En prévention primaire, le traitement paraît toutefois devoir être réservé aux patients à haut risque avec LDL-C élevé et surtout high density lipoprotein (HDL)-C bas.

Les résultats de PROSPER incitent toujours à la prudence chez le sujet âgé : il faut savoir rechercher un cancer sous-jacent en cas de cholestérolémie basse et ne pas proposer de traitement hypolipémiant si le risque vasculaire global n’est pas suffisamment élevé et si le bilan lipidique n’est que peu perturbé ;

– chez le sujet hypertendu en prévention primaire mais avec facteurs de risque associés, le bénéfice du traitement par atorvastatine apparaît net dans l’étude ASCOT.

La comparaison des résultats de ASCOT et ALLHAT est en faveur d’un abaissement suffisamment important du LDL-C pour obtenir un bénéfice cardiovasculaire significatif ;

– enfin, chez le patient diabétique, les résultats de HPS sont en faveur d’un traitement par statine tant en prévention primaire que secondaire et cela quel que soit à nouveau le taux de LDL-C initial.

En revanche, les résultats des sous-groupes en fonction du taux basal non à jeun des triglycérides laissent encore des incertitudes sur la place respective d’une statine et d’un fibrate chez le diabétique lorsque les triglycérides sont franchement augmentés. Les études CARDS, puis FIELD doivent prochainement apporter des informations complémentaires sur la stratégie thérapeutique chez le patient diabétique.

Toutes ces nouvelles données de l’EBM doivent conduire à modifier dans un avenir proche les recommandations thérapeutiques actuellement en vigueur.
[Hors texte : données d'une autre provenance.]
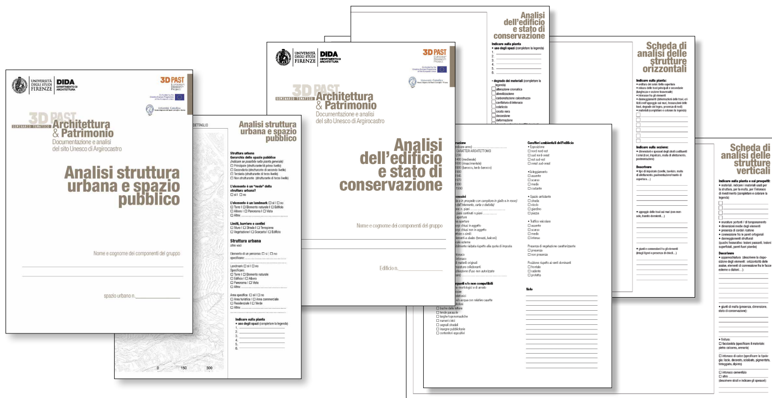
↑ Survey data sheet used in Gjirokastra, Albania

the social and the private domain, are all effects of architectural expression of high ethnographic significance.
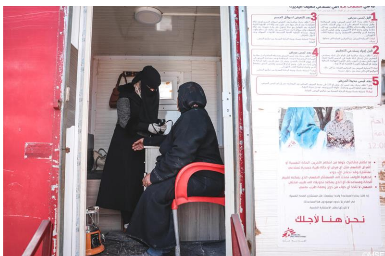
A mobile clinic in Idlib, Syria.

In Syria, MSF has been present in the North-west (NWS) and the North-east (NES) for many years, making a swift response possible in the most affected areas, mainly in NWS, since NES was much less affected. The initial response consisted in supporting medical facilities to treat patients with material and HR support, facilitating transport of patients by supporting ambulances, and providing immediate relief items to affected people. Today, MSF has scaled its efforts, deploying mobile clinics, distributing relief items, implementing water and sanitation and logistics activities, and offering psychological first aid and mental health support. In addition, MSF will support the rehabilitation of some of the affected health facilities.
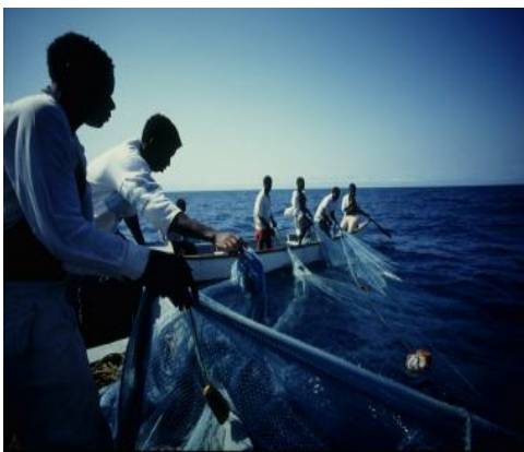
In Malawi, fishing on Lake Malawi is usually a part-time and seasonal activity.

Cambodia and Bangladesh: In Cambodia, valuable inland fish resources are increasingly under the control of private individuals who exclude other users – especially poor rural households (who included fisheries in farming-fishing livelihood strategy). In Bangladesh, privatisation of fisheries is also common. In both Cambodia and Bangladesh, water management schemes are impacting negatively on fisheries; fisheries and other sectors need to be included in water/CPR management strategy (FMSP R8118, R5953, R8210).
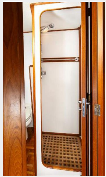
Master Stateroom- Shower
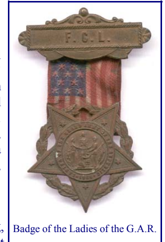
Badge of the Ladies of the G.A.R.
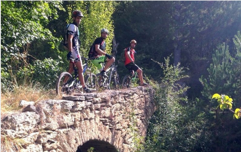
L'aqueduc (Office de Tourisme La Motte du Caire)
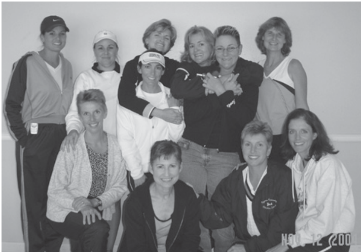
Texas Jackrabbit League B Team:

Wortham Villages has two tennis teams in the Texas Jackrabbit League which play every Friday. One team is in the B level and the other is in the D level. The fall season provided some nice weather for playing tennis. Both teams celebrated the end of the another great season.
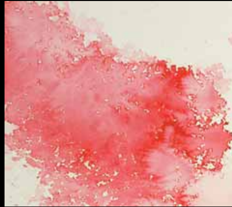
Spatter then sprayed
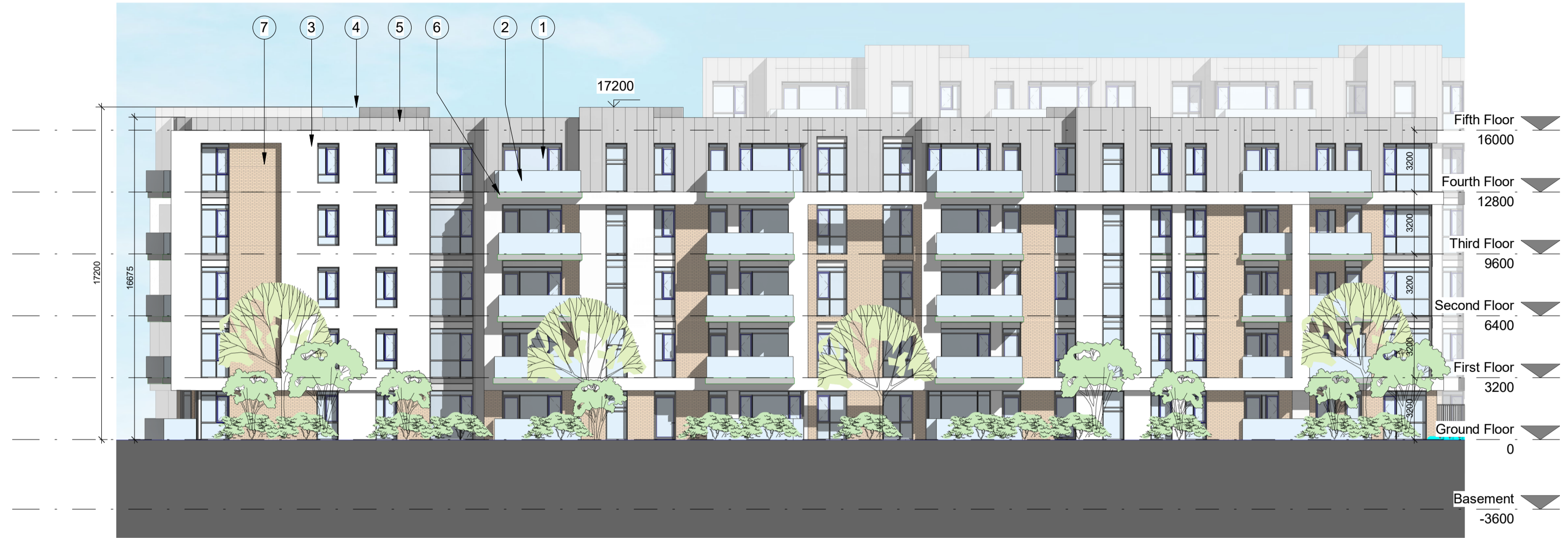
Block 1 West Elevation
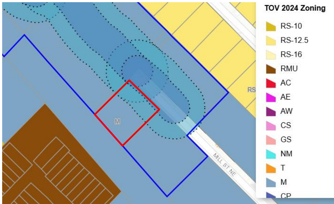
Figure 2: Town of Vienna Zoning Map. The subject property is indicated by the red outline.

Per the Town's Zoning Map (Figure 2), the property is located in the Mill District zone. The purpose of the Mill District is to provide standards for light industrial uses along the W&OD Railroad corridor, which allows private indoor recreational uses by conditional use per Section 18-304 of the Town Code. The entirety of the property is within the Town's Resource Management Area; the half of the property closest to Mill Street NE is within the 100' Resource Protection Area (RPA) while the portion immediately abutting Mill Street is within the 50' RPA.

L’enjeu majeur est la définition d’un seuil de risque vasculaire à partir duquel un traitement par statine doit être proposé. Pour les patients en prévention secondaire « élargie », c’est-à-dire tous les patients avec antécédent vasculaire, la place d’un traitement par statine doit être très large.

Le niveau de risque du patient diabétique ou hypertendu est important à préciser dans les futures recommandations.
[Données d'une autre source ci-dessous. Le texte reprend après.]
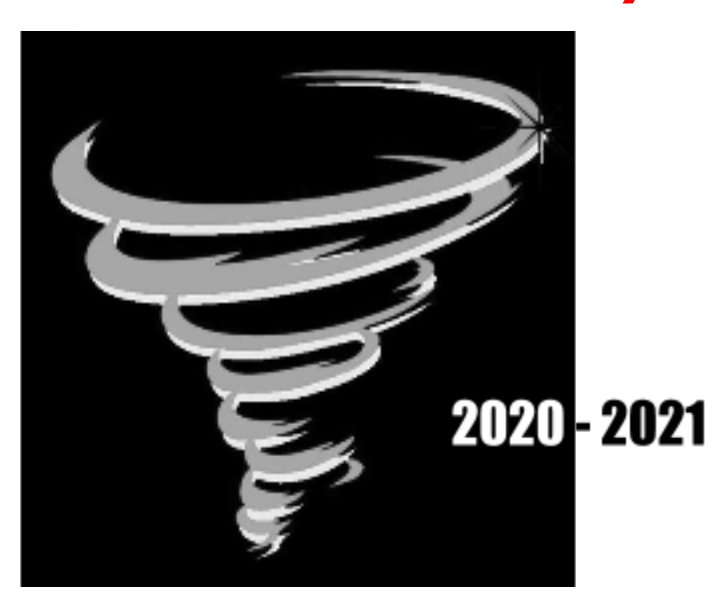
Family Engagement Plan

School Name: Brooker Elementary School #: 04-0161
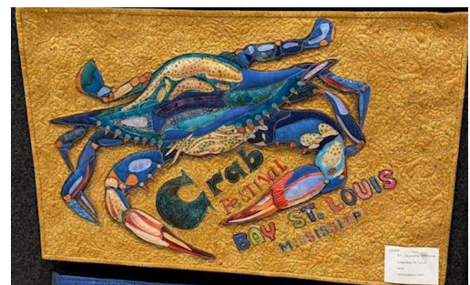
Fiber Art Entries
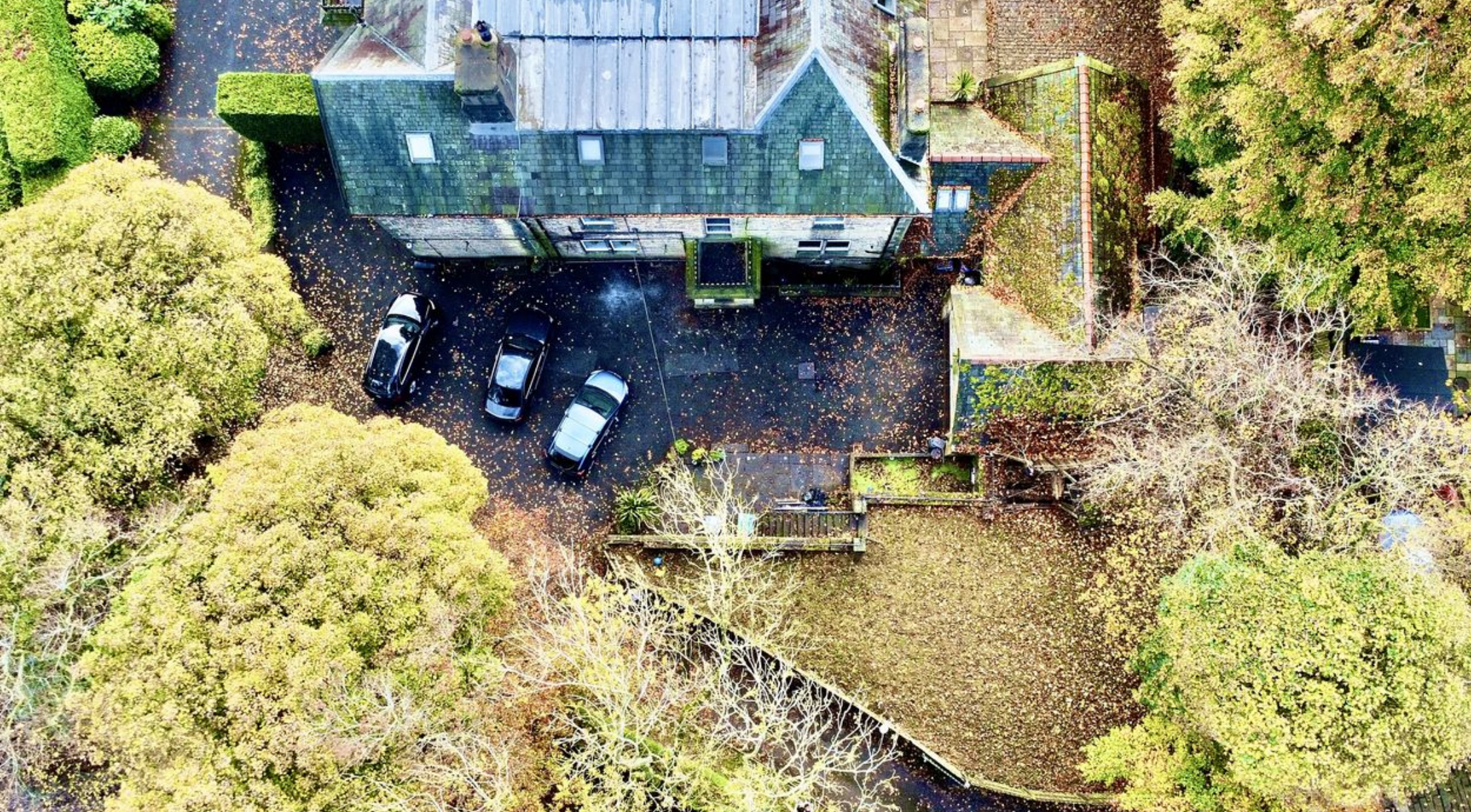
The Gables, Upper Syke, Clayton Lane, Clayton

Ce sont donc essentiellement pour les patients à haut risque que les recommandations actuelles doivent évoluer alors que pour les patients avec faible risque, les dernières études n’apportent pas d’éléments permettant objectivement de modifier les seuils d’intervention médicamenteuse.

Il est clair qu’il s’agira de plus en plus de traiter par statine non pas un sujet hypercholestérolémique ou dyslipidémique, mais bien un patient à risque vasculaire identifié.